What you are asked to do >>
Quote only the span from the first line of the entries to the line containing "ボタンは貝ボタンで、「ネコ目」と呼ばれる溝が刻まれています。", both ends kept. Leave every picture out.

Material for this exercise >>
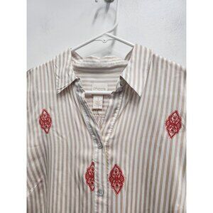 Chicos Button up Shirt Womens Medium Embroidered Striped Long Sleeve BOHO Casual
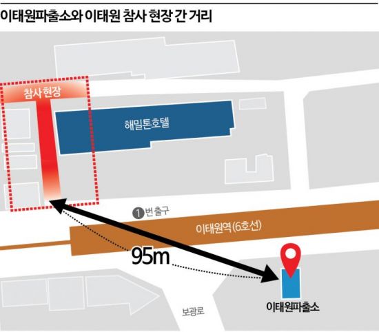 하지만 이임재 전 서장은 참사 당시 현장서 95m 거리에 있는 서울 이태원파출소 옥상에서 모든 상황을 지켜보고 있었는데, 육안으로 구별되는 참사 현장과 파출소는 걸어서 2분도 걸리지 않는 거리라 상황 파악이 즉시 가능함에도 1시간 넘도록 윗선에 보고하지 않은 것도 '미스터리'입니다.
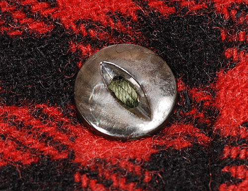 ボタンは貝ボタンで、「ネコ目」と呼ばれる溝が刻まれています。
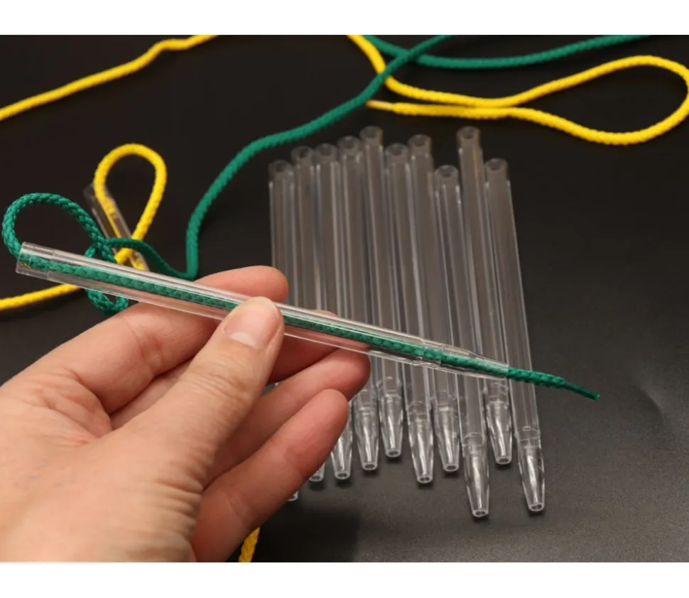 12 crayons pour Jeu de Laçage. Crayons en plastique transparent pour enfiler le fil ou le lacet et ainsi faciliter le laçage des enfants. Accessoire de jeu en complément de notre set de plateaux de laçage pour jouer à plus d’enfants ou pour remplacer les crayons perdus.
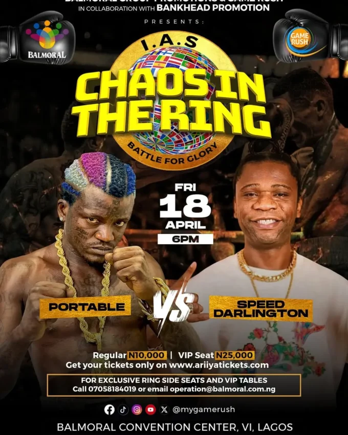 Nigerian music sensations Portable and Speed Darlington are gearing up for a heated celebrity boxing showdown set to take place on April 18...
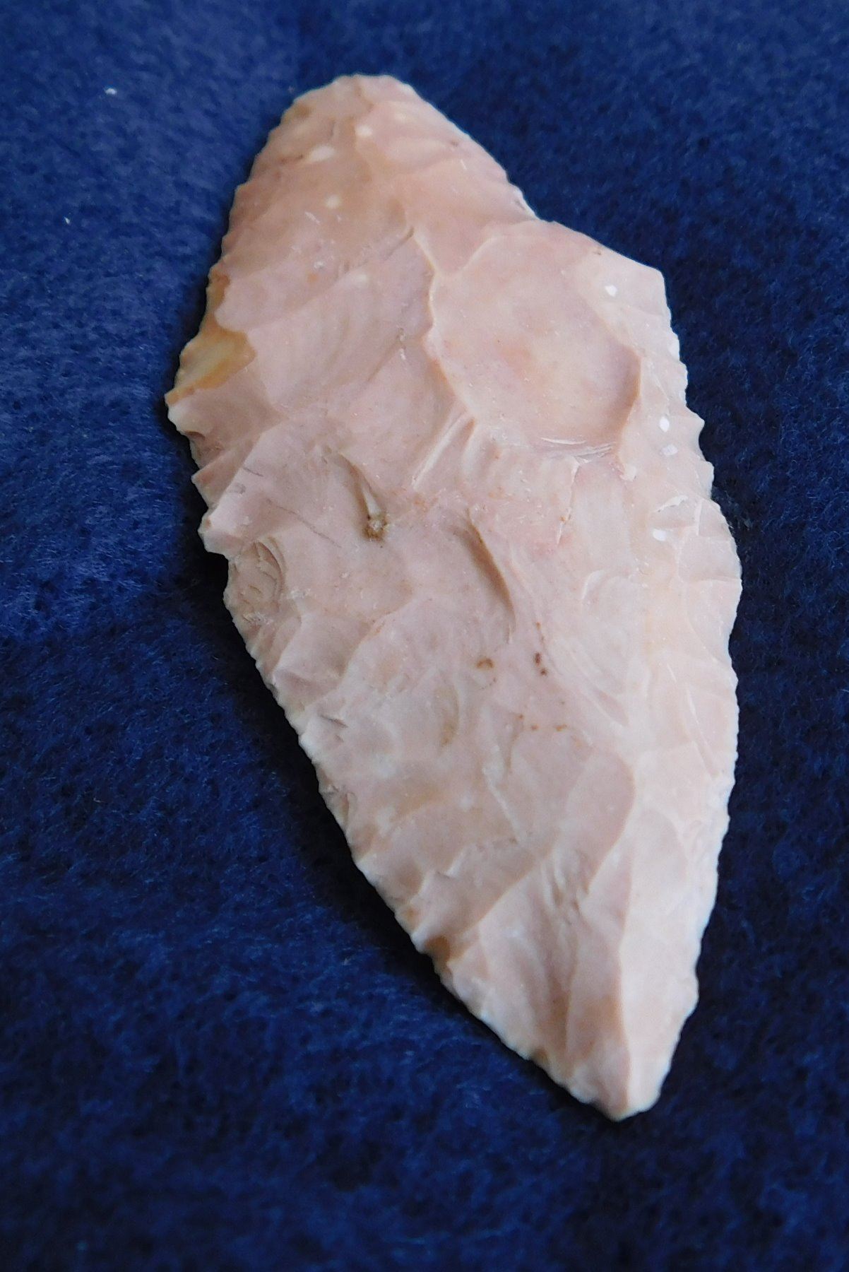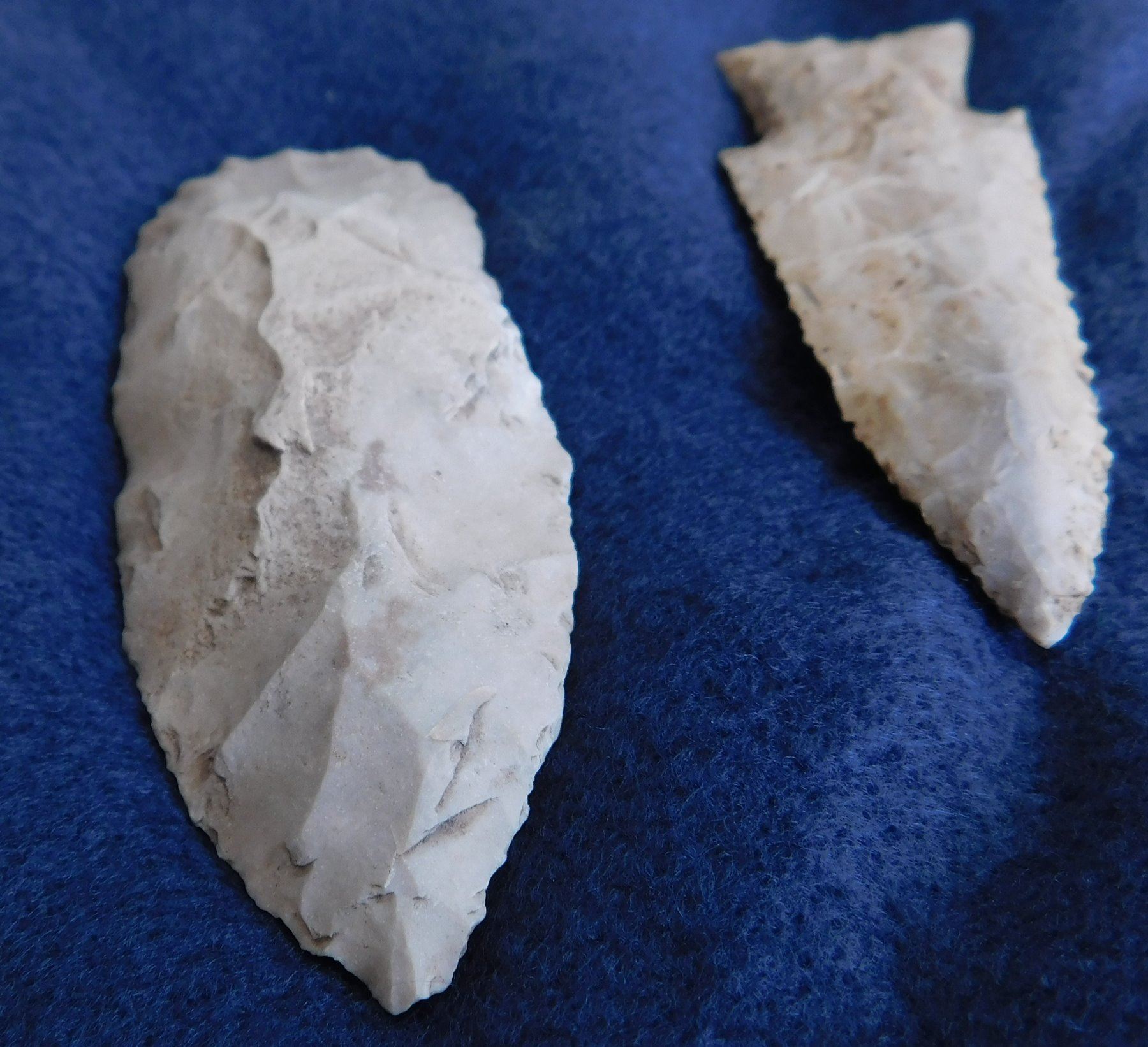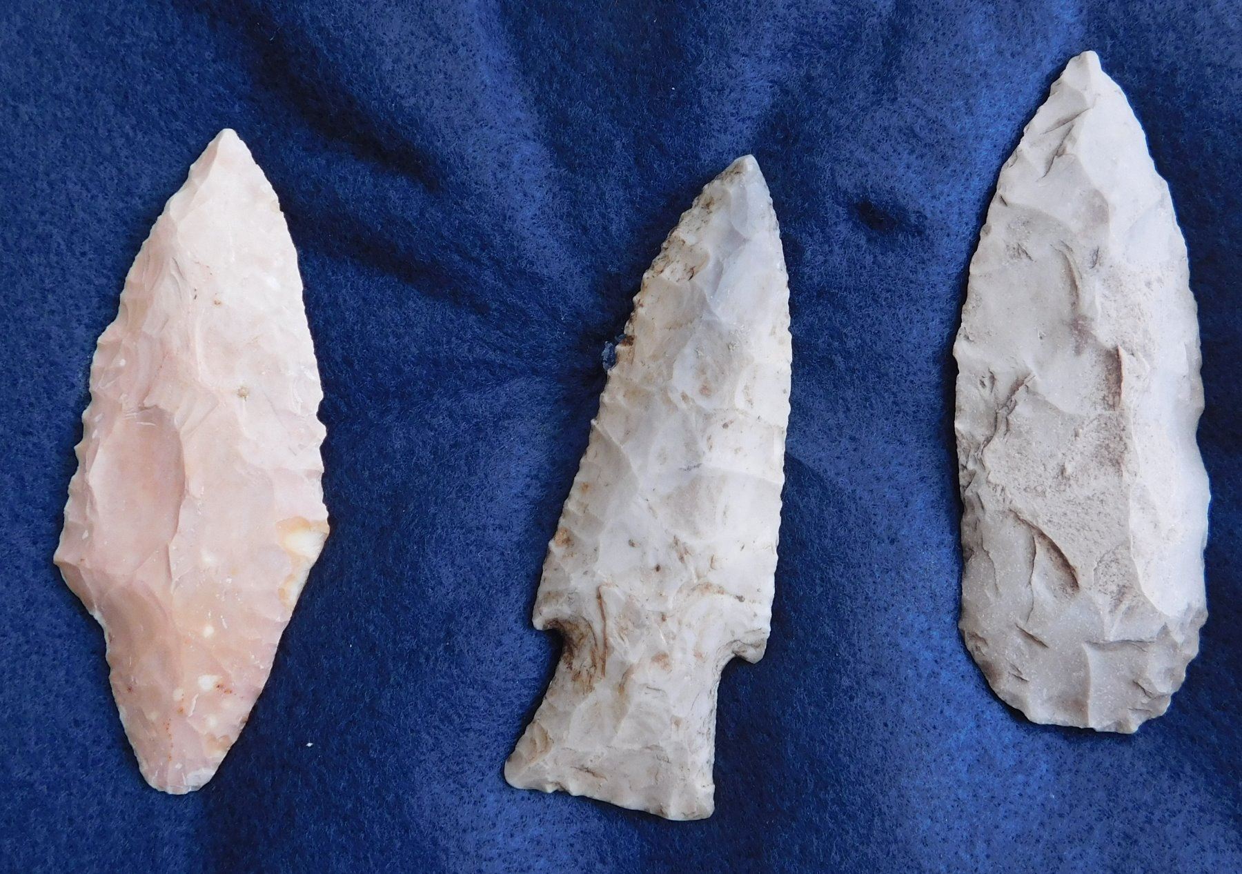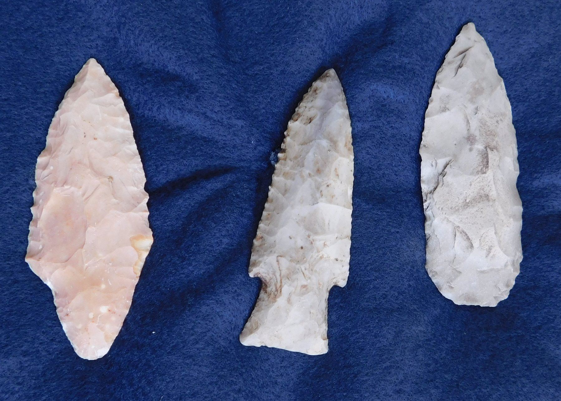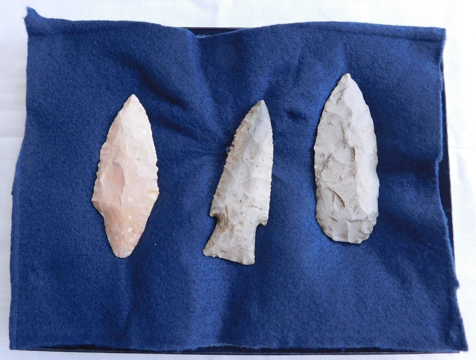 Illinois Flint Collection, pre-historic items. Made of chert, the items measure from 3" to 3.25" long. Adams County, Illinois. Frame not included. Condition: As found, see images. Shipping: $20.00 w/insurance and signature.
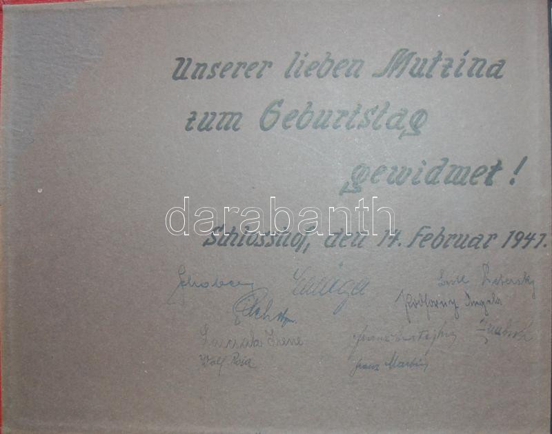 Description: 1941-1944 Fotóalbum az osztrák katonai lovasiskolaként és állomáshelyként szolgáló Schlosshofban készült fotókkal ott megfordult Wehrmacht-tisztekről, többek között Gottfried Barton vezérőrnagyról, a fotókon aláírásokkal és dedikációkkal /
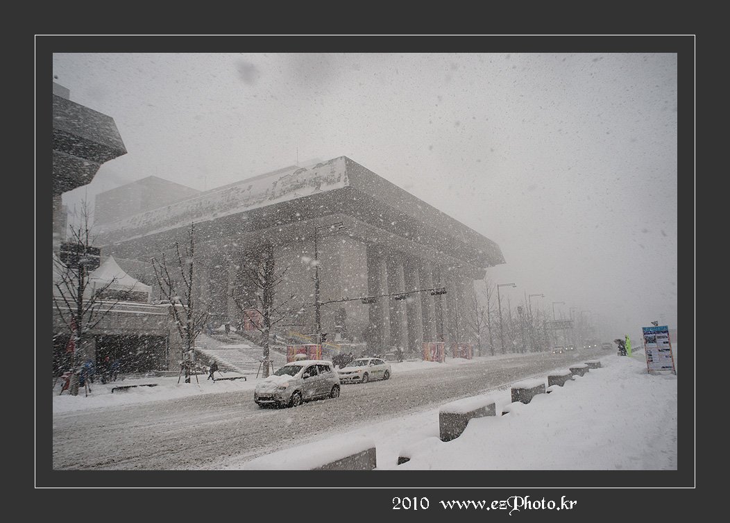 그래도 이순신 장군은 눈을 맞으며 끝까지 버티고 서 있네요.

Solution for this task >>
 Chicos Button up Shirt Womens Medium Embroidered Striped Long Sleeve BOHO Casual
 하지만 이임재 전 서장은 참사 당시 현장서 95m 거리에 있는 서울 이태원파출소 옥상에서 모든 상황을 지켜보고 있었는데, 육안으로 구별되는 참사 현장과 파출소는 걸어서 2분도 걸리지 않는 거리라 상황 파악이 즉시 가능함에도 1시간 넘도록 윗선에 보고하지 않은 것도 '미스터리'입니다.
 ボタンは貝ボタンで、「ネコ目」と呼ばれる溝が刻まれています。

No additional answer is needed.